Op uw vriend weegt niet de verplichting bij u te blijven,zodat zijn vertrek
op zich geen misdrijf vormt en dus ook niet dient aangegeven bij de politie.
“Art.7.§ 1. Iedereen die zijn hoofdverblijfplaats wil vestigen in een gemeente van het Rijk of deze wil overbrengen naar een andere gemeente van het Rijk moet dit aangeven aan het gemeentebestuur van de gemeente waar hij zich komt vestigen...§ 4. De aangifte bedoeld in § 1 moet binnen acht werkdagen gebeuren nadat de nieuwe woning effectief betrokken werd...Art.8...Als het onmogelijk blijkt de nieuwe hoofdverblijfplaats op te sporen gelast het college van burgemeester en schepenen de
afvoering van ambtswege uit de registers...”(16 JULI 1992. - Koninklijk besluit betreffende de bevolkingsregisters en het vreemdelingenregister)
“Art.7.De
overtredingen van de voorgaande artikelen, van de besluiten tot uitvoering ervan en van de in artikel 5 bedoelde gemeentelijke verordeningen worden gestraft met een geldboete en zesentwintig tot vijfhonderd (euro)...”(19 JULI 1991. - Wet betreffende de bevolkingsregisters en de identiteitskaarten en tot wijziging van de wet van 8 augustus 1983 tot regeling van een Rijksregister van de natuurlijke personen).
Leg klacht neer bij de politie op grond van art.7 voornoemde Wet indien uw vriend zijn domicilie bij u handhaaft en vraag kopie van het proces-verbaal.
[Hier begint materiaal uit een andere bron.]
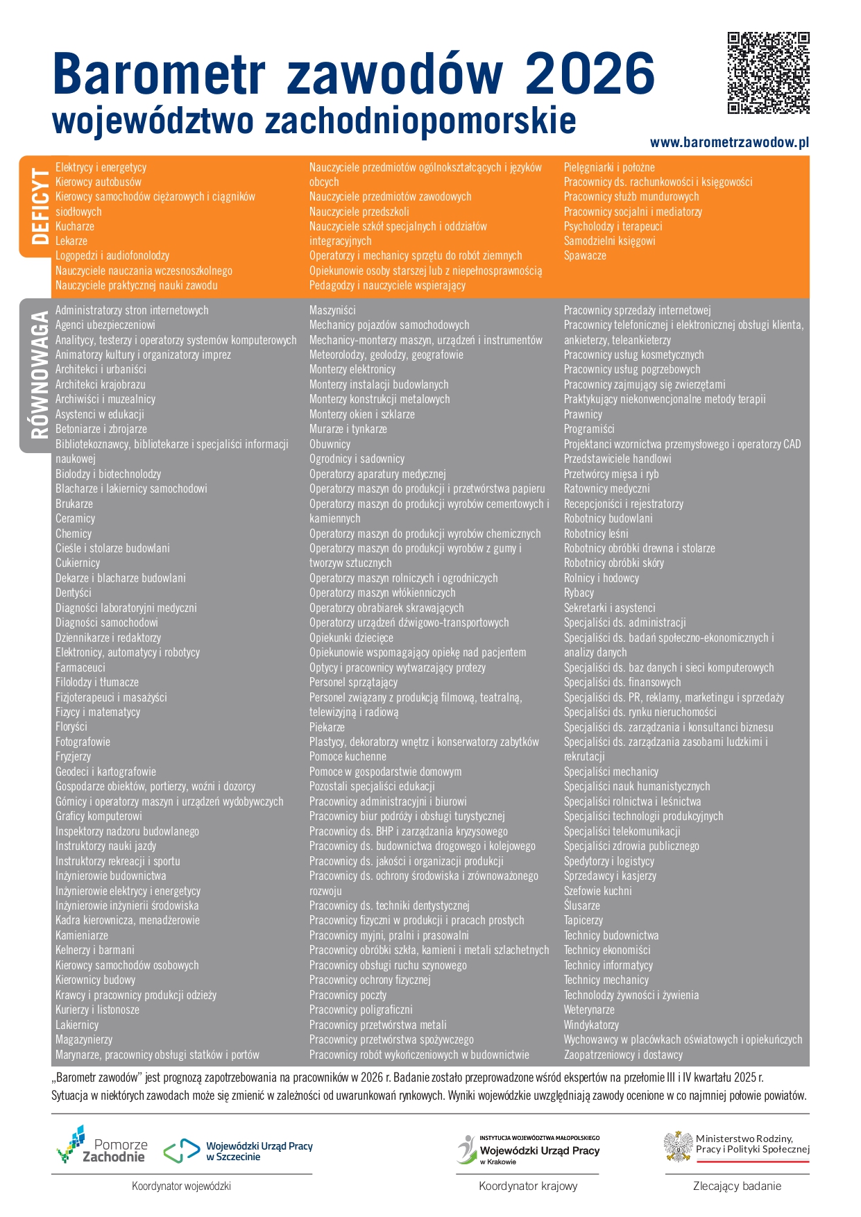 zapraszamy do zapoznania się z najnowszymi informacjami dotyczącymi prognozowanego zapotrzebowania na zawody w 2026 roku w województwie zachodniopomorskim (na podstawie badania "Barometr zawodów 2026").

Vraag het college van burgemeester en schepenen SCHRIFTELIJK de afvoering van ambtswege uit de registers indien het er niet in slaagt uw ‘vriend’ op te sporen.Voeg daarbij kopie van het proces-verbaal dat u door de politie liet opstellen.
De inboedel van huis dat u samen bewoonde vormt een onverdeeldheid waarvoor geldt : “Art.815.Niemand kan worden genoodzaakt in onverdeeldheid te blijven; en de verdeling kan te allen tijde worden GEVORDERD...”(B.W.=Burgerlijk Wetboek).
Wil u die vordering voorkomen maak dan onderling een boedelbeschrijving
en -verdeling in twee exemplaren en door beiden
ondertekend.Desnoods kan u hiermee een notaris belasten.
“Art.387bis.In alle gevallen, en onverminderd...kan de jeugdrechtbank in het
belang van het kind, op verzoek van beide ouders of van één van hen, dan wel van de procureur des Konings alle beschikkingen met betrekking tot het ouderlijk gezag opleggen of wijzigen.”(B.W.).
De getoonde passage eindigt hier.